Thursday, March 2, 2017

Academy Crap

Last year, the Motion Picture Academy caught a lot of flack for its near black-out of black film makers and artists. I noticed this year that they made up for it in spades. (Sorry for the puns, they just seem to flow.) Lots of black actors/movies were paraded through this time. And, you may have heard that the final moment when Best Picture was awarded got flubbed. La La Land was announced winner, and after three acceptance speeches, it was then confusingly announced (by the La La Land filmmaker who was holding an Oscar statue) that in fact, Moonlight (a black cast movie) was the actual winner.

Here's the explanation and resolution that is as equally offensive as the over-the-top correction for last year's slight to black actors. (Please note, I am not dissing the black actors/movies this year - I haven't seen any of them. I'm just saying that it all seems bogus and driven by something other than performance. Of course, that's a given, isn't it?)
The president of the film academy says the two accountants responsible for the best-picture flub at Sunday’s Academy awards will never work the Oscars again.

Cheryl Boone Isaacs said Wednesday that Brian Cullinan, the PwC representative responsible for handing over the errant envelope that led to La La Land mistakenly being announced as best picture rather than Moonlight, was distracted backstage. He tweeted (and later deleted) a photo of Emma Stone in the wings with her new Oscar minutes before giving presenters Warren Beatty and Faye Dunaway the wrong envelope for best picture.
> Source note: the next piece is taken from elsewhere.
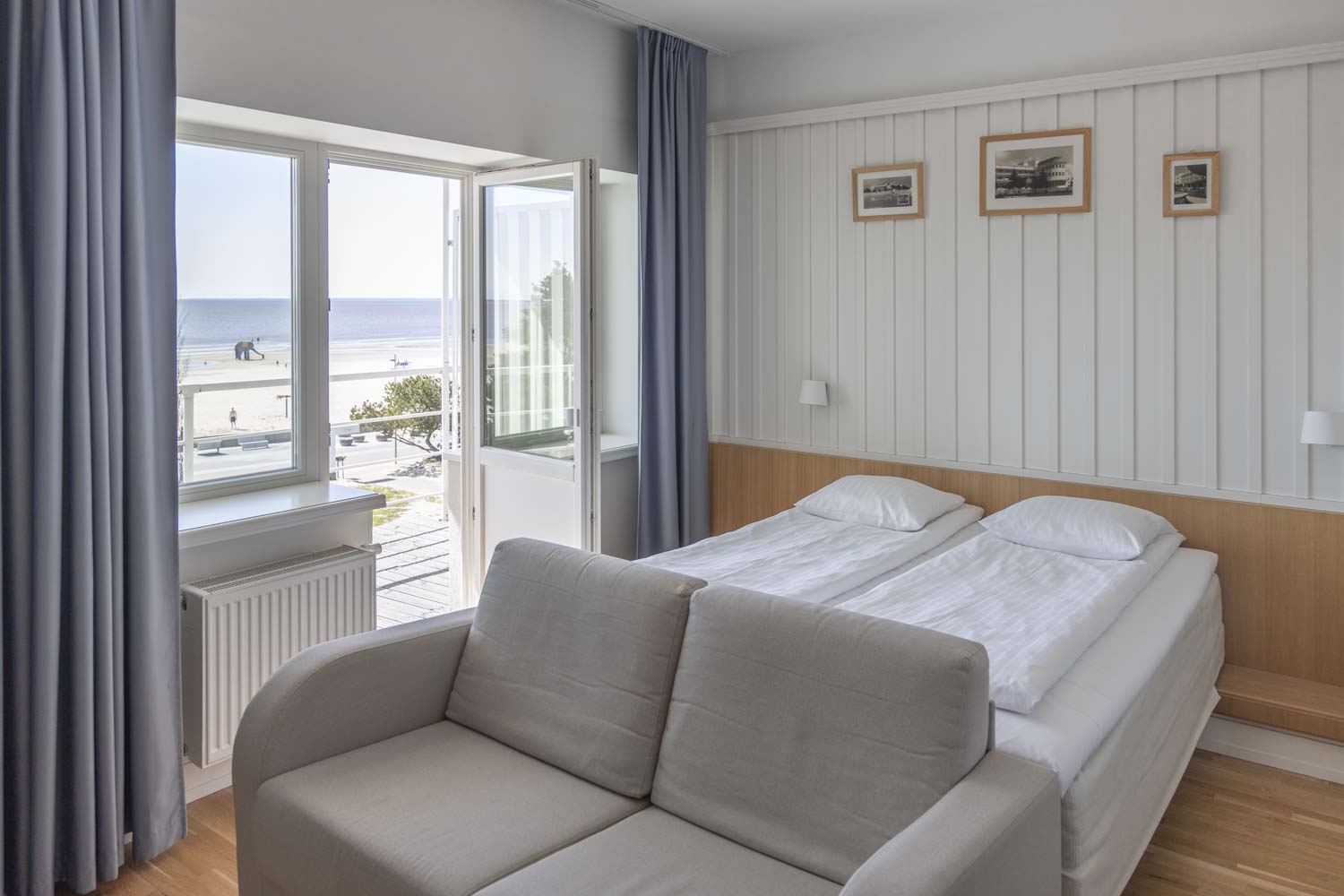 Meri: tämä hotelli todellakin on rannalla. Omassa huoneessani oli parveke, josta avautui huikeat näkymät Pärnun upealle hiekkarannalle ja merelle.
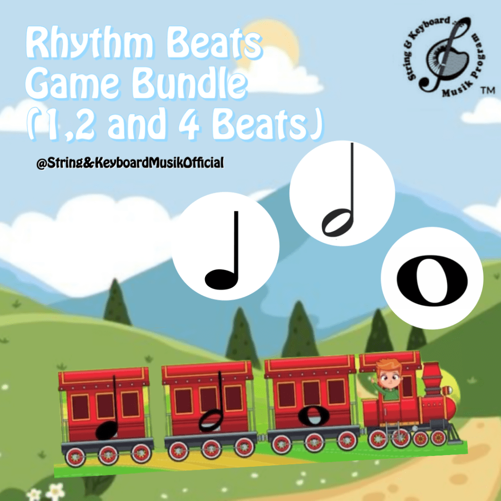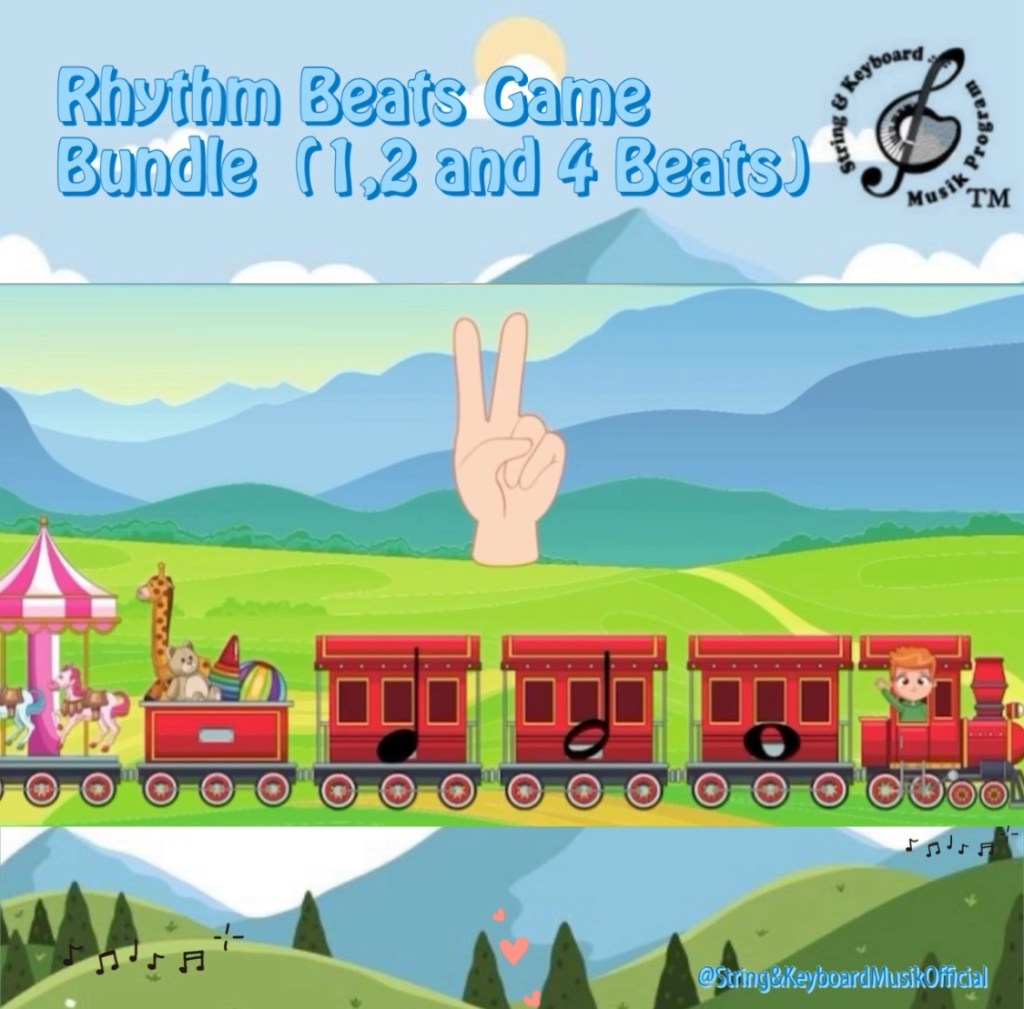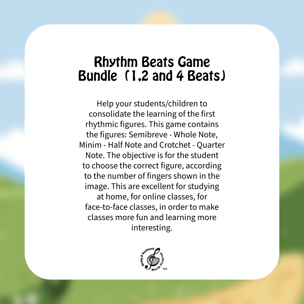 Help your students/children to consolidate the learning of the first rhythmic figures. This game contains the figures: Semibreve – Whole Note, Minim – Half Note and Crotchet – Quarter Note. The objective is for the student to choose the correct figure, according to the number of fingers shown in the image. This are excellent for studying at home, for online classes, for face-to-face classes, in order to make classes more fun and learning more interesting.

Cullinan and his colleague, Martha Ruiz, have been permanently removed from all film academy dealings, Boone Isaacs said.

[...]

PwC released a statement late Sunday and another Monday taking “full responsibility for the series of mistakes and breaches of established protocols” during the Oscar show.

  Guardian
Who cares other than Hollywood movie makers, but the reason I'm posting this is: why in Hell is Martha Ruiz being punished from Brian Cullinan's failure?  She was on the opposite side of the stage when he messed himself.

Apparently, this is the answer:
PwC had taken full responsibility for the fiasco. "Once the error occurred, protocols for correcting it were not followed through quickly enough by Mr. Cullinan or his partner," the firm said in a statement.

  RT
...but hey, do what you want...you will anyway.